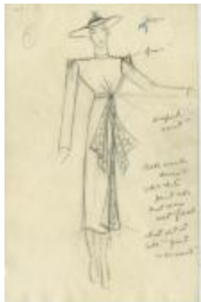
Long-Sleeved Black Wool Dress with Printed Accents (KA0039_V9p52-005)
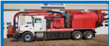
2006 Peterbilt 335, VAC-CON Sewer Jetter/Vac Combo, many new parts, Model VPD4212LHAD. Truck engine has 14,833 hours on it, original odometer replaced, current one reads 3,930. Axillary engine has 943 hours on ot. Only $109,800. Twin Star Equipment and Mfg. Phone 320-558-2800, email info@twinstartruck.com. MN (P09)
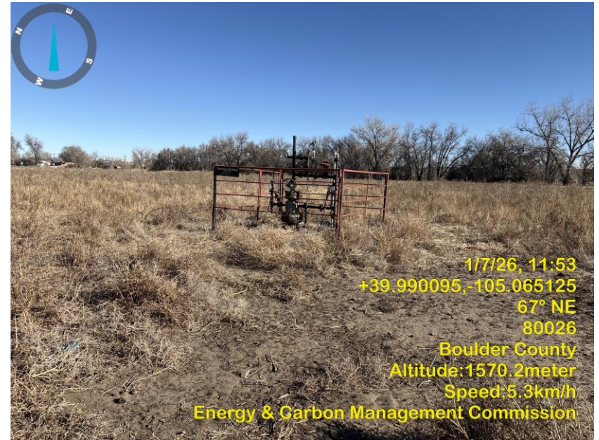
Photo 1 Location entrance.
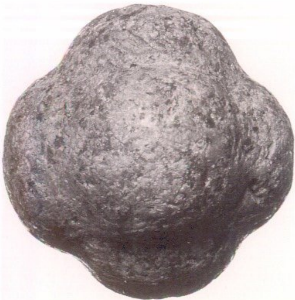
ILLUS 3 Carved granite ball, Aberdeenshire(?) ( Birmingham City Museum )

■ **Problem to solve**:
Make an exact copy of the listing above. Do not include the pictures.

■ **Finished exercise**:
Long-Sleeved Black Wool Dress with Printed Accents (KA0039_V9p52-005)
2006 Peterbilt 335, VAC-CON Sewer Jetter/Vac Combo, many new parts, Model VPD4212LHAD. Truck engine has 14,833 hours on it, original odometer replaced, current one reads 3,930. Axillary engine has 943 hours on ot. Only $109,800. Twin Star Equipment and Mfg. Phone 320-558-2800, email info@twinstartruck.com. MN (P09)
Photo 1 Location entrance.
ILLUS 3 Carved granite ball, Aberdeenshire(?) ( Birmingham City Museum )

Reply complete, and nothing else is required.